腸の調子を整えるには?

口から取り入れられた食べ物は、胃、小腸で消化・吸収され、残りかすが大腸へ送られます。大腸を通る間に水分が吸収されて適度な硬さの便となり、最終的に肛門から排泄されます。重要な消化器官である腸のトラブルは、栄養分の消化・吸収・排泄に大きな影響を与えます。

 

食事と運動で便秘解消を

腸の調子がはっきりと現れるのが“便”です。便はいわば“腸からのお便り”。気持ちよく便が出れば腸が元気な証拠。逆に、便秘や下痢の場合は、腸の働きがスムーズでないことを伝えています。
「便が出切らない感じ」「おなかが張っている感じ」「便が硬い」「便の出が悪い」といった不快な状態が便秘で、その多くが腸の機能低下による機能性便秘です。主な原因は、食物繊維の摂取不足や不規則な食事、運動不足、トイレに行くのを我慢するなどの生活習慣です。
機能性便秘の解消の基本は食事と運動です。1日3回規則正しい食事をし、水分を十分に取り、野菜やキノコ、海藻類など食物繊維の多い食品を積極的に取りましょう。ヨーグルトなど腸内細菌のバランスをよくする食品を取り入れるのもよいでしょう。朝食をきちんと食べるのもポイントです。朝起きて、空っぽの胃に食べ物が入るとその刺激により腸の動きが活発になり、便意をもよおしやすくなります。
足踏み運動や階段を上ったりして、排便に関係する腹筋や太ももの筋肉を鍛えるのも効果的です。
一方、水っぽい便が出るのが下痢です。

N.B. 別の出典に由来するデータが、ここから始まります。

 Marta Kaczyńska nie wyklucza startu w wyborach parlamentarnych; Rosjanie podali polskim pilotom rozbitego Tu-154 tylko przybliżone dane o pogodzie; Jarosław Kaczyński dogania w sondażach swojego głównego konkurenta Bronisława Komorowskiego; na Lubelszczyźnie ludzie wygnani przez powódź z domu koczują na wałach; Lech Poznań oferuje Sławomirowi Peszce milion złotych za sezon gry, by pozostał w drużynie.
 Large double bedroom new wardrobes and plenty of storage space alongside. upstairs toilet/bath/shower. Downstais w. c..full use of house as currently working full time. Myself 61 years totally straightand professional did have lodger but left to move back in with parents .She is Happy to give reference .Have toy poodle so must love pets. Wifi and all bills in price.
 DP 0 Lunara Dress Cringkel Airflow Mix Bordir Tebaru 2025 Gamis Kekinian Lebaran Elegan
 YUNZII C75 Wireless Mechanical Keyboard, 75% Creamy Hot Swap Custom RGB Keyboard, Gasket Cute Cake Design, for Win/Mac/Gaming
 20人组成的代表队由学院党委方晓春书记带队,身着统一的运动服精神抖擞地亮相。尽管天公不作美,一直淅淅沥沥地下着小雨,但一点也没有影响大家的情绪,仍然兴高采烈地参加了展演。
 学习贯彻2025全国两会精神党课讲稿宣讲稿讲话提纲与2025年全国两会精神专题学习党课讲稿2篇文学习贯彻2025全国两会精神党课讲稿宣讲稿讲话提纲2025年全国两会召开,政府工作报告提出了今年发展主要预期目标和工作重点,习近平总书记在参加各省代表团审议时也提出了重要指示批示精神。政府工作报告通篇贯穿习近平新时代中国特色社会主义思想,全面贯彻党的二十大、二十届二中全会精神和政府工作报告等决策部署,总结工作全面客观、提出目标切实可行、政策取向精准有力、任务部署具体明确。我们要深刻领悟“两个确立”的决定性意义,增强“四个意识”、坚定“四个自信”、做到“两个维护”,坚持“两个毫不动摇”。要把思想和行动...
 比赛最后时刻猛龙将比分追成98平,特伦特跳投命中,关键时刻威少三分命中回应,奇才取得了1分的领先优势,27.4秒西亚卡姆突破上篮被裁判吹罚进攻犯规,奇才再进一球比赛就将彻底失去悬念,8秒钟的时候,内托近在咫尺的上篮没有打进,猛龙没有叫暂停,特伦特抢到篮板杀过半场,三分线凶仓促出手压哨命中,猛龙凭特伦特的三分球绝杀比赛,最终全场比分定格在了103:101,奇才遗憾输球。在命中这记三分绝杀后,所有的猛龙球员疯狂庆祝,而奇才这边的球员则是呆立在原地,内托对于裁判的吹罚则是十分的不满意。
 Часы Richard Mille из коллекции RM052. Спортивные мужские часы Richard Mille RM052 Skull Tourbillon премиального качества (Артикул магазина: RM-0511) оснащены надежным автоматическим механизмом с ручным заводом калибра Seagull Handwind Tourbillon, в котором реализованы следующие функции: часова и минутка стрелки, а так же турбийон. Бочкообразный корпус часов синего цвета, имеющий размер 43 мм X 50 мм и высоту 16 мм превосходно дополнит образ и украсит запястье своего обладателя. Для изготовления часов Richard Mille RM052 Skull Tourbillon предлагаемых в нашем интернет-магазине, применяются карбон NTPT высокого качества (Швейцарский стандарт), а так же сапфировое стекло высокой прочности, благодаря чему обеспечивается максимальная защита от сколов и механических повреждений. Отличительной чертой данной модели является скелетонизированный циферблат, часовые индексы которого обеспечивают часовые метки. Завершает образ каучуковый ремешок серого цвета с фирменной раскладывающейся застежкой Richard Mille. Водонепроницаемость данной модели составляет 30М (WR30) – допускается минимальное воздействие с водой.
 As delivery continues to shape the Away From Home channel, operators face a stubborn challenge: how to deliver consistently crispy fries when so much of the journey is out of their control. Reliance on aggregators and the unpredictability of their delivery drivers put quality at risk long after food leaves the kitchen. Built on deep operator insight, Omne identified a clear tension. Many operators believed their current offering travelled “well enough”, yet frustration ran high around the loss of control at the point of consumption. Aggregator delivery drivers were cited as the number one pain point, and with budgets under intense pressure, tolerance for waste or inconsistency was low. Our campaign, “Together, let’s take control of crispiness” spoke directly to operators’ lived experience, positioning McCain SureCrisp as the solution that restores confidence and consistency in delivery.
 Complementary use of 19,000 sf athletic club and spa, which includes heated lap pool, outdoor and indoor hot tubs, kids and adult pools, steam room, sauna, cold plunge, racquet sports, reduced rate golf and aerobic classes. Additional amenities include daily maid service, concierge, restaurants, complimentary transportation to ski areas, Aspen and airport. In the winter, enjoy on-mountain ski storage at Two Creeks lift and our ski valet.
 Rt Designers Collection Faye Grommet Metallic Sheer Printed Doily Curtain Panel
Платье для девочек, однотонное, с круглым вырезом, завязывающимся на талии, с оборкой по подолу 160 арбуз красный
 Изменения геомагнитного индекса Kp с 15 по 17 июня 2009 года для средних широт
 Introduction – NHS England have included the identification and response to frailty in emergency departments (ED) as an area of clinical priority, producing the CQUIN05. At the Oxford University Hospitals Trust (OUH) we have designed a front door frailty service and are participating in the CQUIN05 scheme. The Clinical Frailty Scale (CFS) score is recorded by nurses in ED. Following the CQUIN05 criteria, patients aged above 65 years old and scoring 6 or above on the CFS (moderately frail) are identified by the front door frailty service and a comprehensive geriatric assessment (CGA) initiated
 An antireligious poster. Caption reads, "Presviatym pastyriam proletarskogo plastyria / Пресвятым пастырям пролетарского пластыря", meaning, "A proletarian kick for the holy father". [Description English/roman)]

多くは一過性で、数日間消化のよいものを食べ、安静にしていればたいていは治ります。

 

便秘と下痢を繰り返すときは注意して

検査をしても異常がないのに、便秘と下痢を長期間繰り返すときは過敏性腸症候群が疑われます。多くの場合、ストレスが関係しているといわれています。
多少の不便や不快感を感じるといった症状から、通勤で電車に乗るたびに便意をもよおし、ついには電車に乗ること自体が怖くなるという重篤なケースまでさまざまです。日常生活に支障をきたすときは、消化器内科などを受診しましょう。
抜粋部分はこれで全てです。